ラテンアメリカ
その昔、船乗り達の間ではコロンビアの港は「男は泥棒、女は女郎坊だぜ」と言われたほど治安の悪い国だった。しかし飛鳥Ⅱが入港したカルタヘナの町は高層ビルが立ち並ぶ一方、世界遺産に指定された旧市街地はすっかり観光地化されており、往時のそんな流説が感じられる酷い場所は我々が訪れた場所にはなかった。資源開発などでコロンビアの経済も伸びたそうで、タグボートやクルーズターミナルなど港の設備もとても立派だし、やはり経済が発展していく事は総じて人々を幸福にして行くのだと実感する。
カルタヘナの翌日はパナマ運河である。いつ出来るのかと訝っていた第2パナマ運河の工事もどうやら完成間近のようで、間もなくこれが開通する事がわかったが、そうなるとパナマックス型が主流の商船や客船、さらには軍艦の世界がどう変わっていくのだろうかと仕事がら興味津々である。それにしても40年前に初めて訪れたパナマ市は低い建物が連なる汚い町だったが、運河を通峡して遠望する町は高層ビルが立ち並んでいる事にここでも驚いた。僅かづつでも世界は進歩しているのである。

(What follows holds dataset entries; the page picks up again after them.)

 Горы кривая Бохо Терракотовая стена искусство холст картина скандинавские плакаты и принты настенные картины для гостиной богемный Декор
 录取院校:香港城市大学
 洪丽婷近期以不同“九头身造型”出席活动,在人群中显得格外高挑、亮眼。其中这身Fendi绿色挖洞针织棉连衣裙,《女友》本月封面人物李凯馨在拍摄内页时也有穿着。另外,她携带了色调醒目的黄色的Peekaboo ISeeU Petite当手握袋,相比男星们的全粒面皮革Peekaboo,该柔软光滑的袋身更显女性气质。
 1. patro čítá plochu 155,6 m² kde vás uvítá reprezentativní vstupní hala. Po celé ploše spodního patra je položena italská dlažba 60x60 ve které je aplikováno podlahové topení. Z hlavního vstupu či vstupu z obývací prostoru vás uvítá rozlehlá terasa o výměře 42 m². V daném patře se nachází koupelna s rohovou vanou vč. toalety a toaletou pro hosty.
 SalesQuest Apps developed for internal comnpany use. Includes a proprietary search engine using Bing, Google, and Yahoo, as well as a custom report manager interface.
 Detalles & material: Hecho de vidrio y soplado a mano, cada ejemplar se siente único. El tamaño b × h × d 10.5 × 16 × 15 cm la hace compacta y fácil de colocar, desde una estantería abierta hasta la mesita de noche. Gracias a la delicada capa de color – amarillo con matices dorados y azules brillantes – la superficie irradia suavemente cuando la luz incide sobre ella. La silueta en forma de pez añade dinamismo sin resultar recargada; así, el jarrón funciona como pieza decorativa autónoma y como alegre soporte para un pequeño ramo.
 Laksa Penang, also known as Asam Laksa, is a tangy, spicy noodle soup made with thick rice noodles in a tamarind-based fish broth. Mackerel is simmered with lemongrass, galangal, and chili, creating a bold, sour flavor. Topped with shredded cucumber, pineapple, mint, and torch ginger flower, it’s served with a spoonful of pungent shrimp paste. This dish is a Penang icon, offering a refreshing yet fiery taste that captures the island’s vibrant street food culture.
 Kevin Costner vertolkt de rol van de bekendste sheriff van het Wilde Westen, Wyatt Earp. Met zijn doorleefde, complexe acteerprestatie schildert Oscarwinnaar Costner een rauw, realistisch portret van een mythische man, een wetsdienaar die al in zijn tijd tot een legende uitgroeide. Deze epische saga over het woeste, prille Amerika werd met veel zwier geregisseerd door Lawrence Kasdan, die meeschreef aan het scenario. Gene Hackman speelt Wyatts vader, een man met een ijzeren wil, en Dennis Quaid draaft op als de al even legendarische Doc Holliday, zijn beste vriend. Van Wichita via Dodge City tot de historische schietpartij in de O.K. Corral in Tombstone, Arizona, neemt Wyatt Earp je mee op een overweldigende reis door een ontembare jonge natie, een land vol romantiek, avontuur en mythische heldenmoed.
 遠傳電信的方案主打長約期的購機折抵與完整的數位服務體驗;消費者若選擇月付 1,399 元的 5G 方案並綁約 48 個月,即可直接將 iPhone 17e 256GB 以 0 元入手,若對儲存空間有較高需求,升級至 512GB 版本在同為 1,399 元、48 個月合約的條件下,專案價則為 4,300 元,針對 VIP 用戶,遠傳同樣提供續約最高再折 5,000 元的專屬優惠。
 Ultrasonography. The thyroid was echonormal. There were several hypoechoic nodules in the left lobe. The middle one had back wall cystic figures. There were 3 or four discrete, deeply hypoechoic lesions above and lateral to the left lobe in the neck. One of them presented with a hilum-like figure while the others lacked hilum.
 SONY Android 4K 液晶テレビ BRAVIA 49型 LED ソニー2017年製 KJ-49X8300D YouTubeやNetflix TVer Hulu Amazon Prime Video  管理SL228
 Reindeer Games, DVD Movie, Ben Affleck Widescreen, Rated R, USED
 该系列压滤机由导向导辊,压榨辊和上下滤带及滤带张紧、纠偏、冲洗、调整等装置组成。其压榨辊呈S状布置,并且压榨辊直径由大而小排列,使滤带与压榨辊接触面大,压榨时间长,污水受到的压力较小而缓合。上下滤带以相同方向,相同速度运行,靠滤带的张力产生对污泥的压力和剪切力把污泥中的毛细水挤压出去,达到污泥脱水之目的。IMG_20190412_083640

40日ぶりに太平洋に戻ってきた本船は、コスタリカのプンタレナスとメキシコのアカプルコに入港し、長い長い中南米のクルーズの旅がここで終わった事になる。振り返ってみるとチリの氷河や南極の氷の世界、それにリオのカーニバルなどはとても印象深いが、それ以外はそれぞれの町がどうであったのか記憶がしばし渾然となる。2011年のワールドクルーズではアジア・アフリカ・ヨーロッパ・北米・カリブとはっきり特徴が別れる場所に寄港したのに対して、ラテンと一括りにされる中南米の各地は町の雰囲気が似ていた感がする為だろうか。ただ今回はそういうラテンの世界に馴染む事が出来て、帰国した後はニュースなどを見るにつけ、これらの国への思いも深まっていく事であろう。